Druze have had a presence in the region for a thousand years. The monotheistic Arab sect was influenced by Islam, Christianity, Judaism, Greek philosophy, Eastern mysticism and Hinduism and their prophets include Jesus, Mohammed and Moses. Early followers were in such fear of persecution that they lived among the big three religions while keeping their practices private and began to identify themselves in public about 1,000 years ago. Eighty per cent of the community do not have access to holy writings and do not attend religious meetings. The 20 per cent with access to the texts are considered holy elders and control religious and communal life. The close-knit community do not permit intermarriage and refuses converts. The total number of Druze is estimated between 800,000 and one million, around 80 per cent of whom live in Lebanon and Syria and 10 per cent in Israel, with a small number in Jordan. In Israel, the community are mostly located in towns near the northern border, where they have been in Hezbollah’s firing line.

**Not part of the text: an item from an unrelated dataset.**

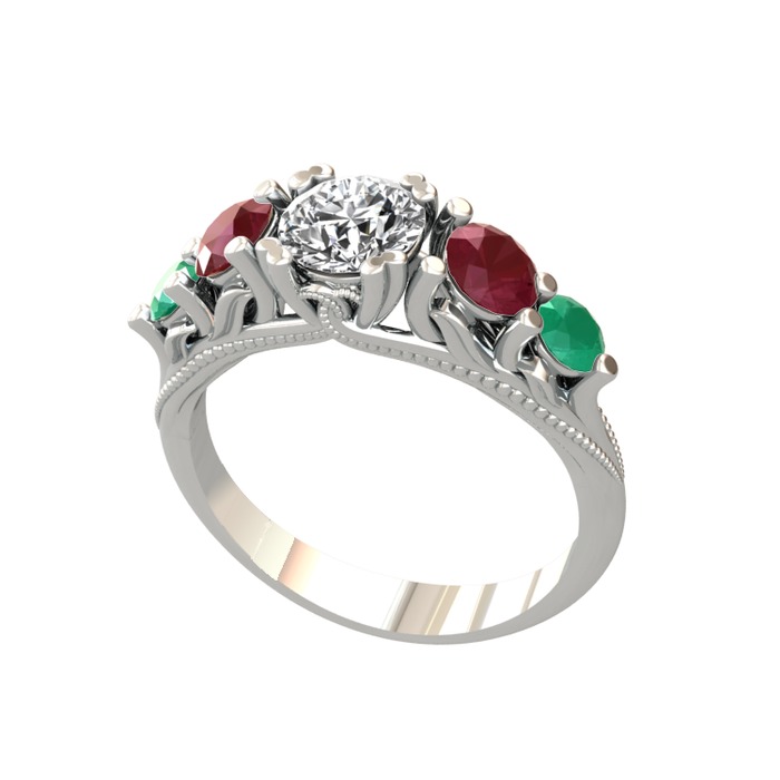 Beyaz zirkon, kök yakut ve kök zümrüt 18 ayar beyaz altın yüzük

More than 20,000 Druze live in the Golan Heights. Under President Trump in 2019 the US recognised Israeli sovereignty over the land, but much of the international community defines the region as occupied, as do many Druze.
Israeli Druze are fiercely patriotic, but Druze in the Golan have a complicated identity, with most identifying as Syrian. They were offered Israeli citizenship after annexation, but many rejected it and were given residency cards. None of those killed on Saturday was Israeli.
The Druze “are loyal to wherever they have been”, Safady explained. “So when they lived in Syria, they were loyal to Syria, not to Assad, but to the country.”
The community fear that one day the Golan Heights could return to Syria and, if they accept Israeli citizenship, “Assad will blame them as traitors if they were Israeli”.